GATA Motif on the Erythropoietin Gene Promoter Is Essential for Repression of Ectopic Constitutive Erythropoietin Production.

Abstract In response to anemia erythropoietin ( Epo) gene transcription is markedly induced in the kidney and liver. This regulation has been ascribed for the promoter GATA motif and 3′ enhancer. To elucidate how the Epo gene expression is regulated in vivo, we established transgenic mouse lines expressing green fluorescent protein (GFP) under the control of 180-kb mouse Epo gene locus. GFP expression was induced by anemia or hypoxia specifically in peritubular interstitial cells of renal cortex and hepatocytes surrounding the central vein. Surprisingly, the renal Epo-producing cells were identified with neuron-like morphology and expression of neuronal markers.
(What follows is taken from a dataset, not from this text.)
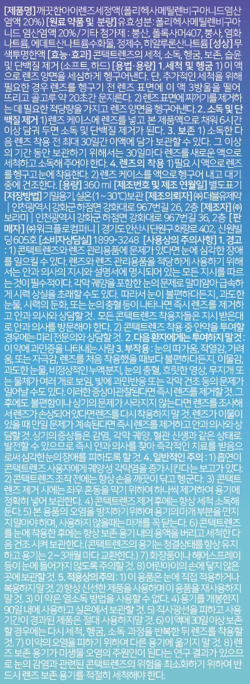 | 품명 및 모델명 | 깨끗한아이렌즈세정액(폴리헥사메틸렌비구아니드염산염액20%) | 인증/허가 사항 | 의약외품 |

We also examined the regulatory mechanism of Epo gene using the transgenes in which mutations had been introduced in the GATA promoter motif, since we have reported the motif as a negative regulatory element for the inducible Epo gene expression. A single nucleotide mutation in the motif resulted in constitutive ectopic expression of GFP in the renal distal tubules, collecting ducts and certain epithelial cells of other tissues. Since both GATA-2 and GATA-3 bind to the GATA box in the distal tubular cells, these factors are likely to constitutively repress ectopic Epo gene expression in these cells. Thus, GATA-based repression is essential for the inducible and cell-type specific expression of the Epo gene.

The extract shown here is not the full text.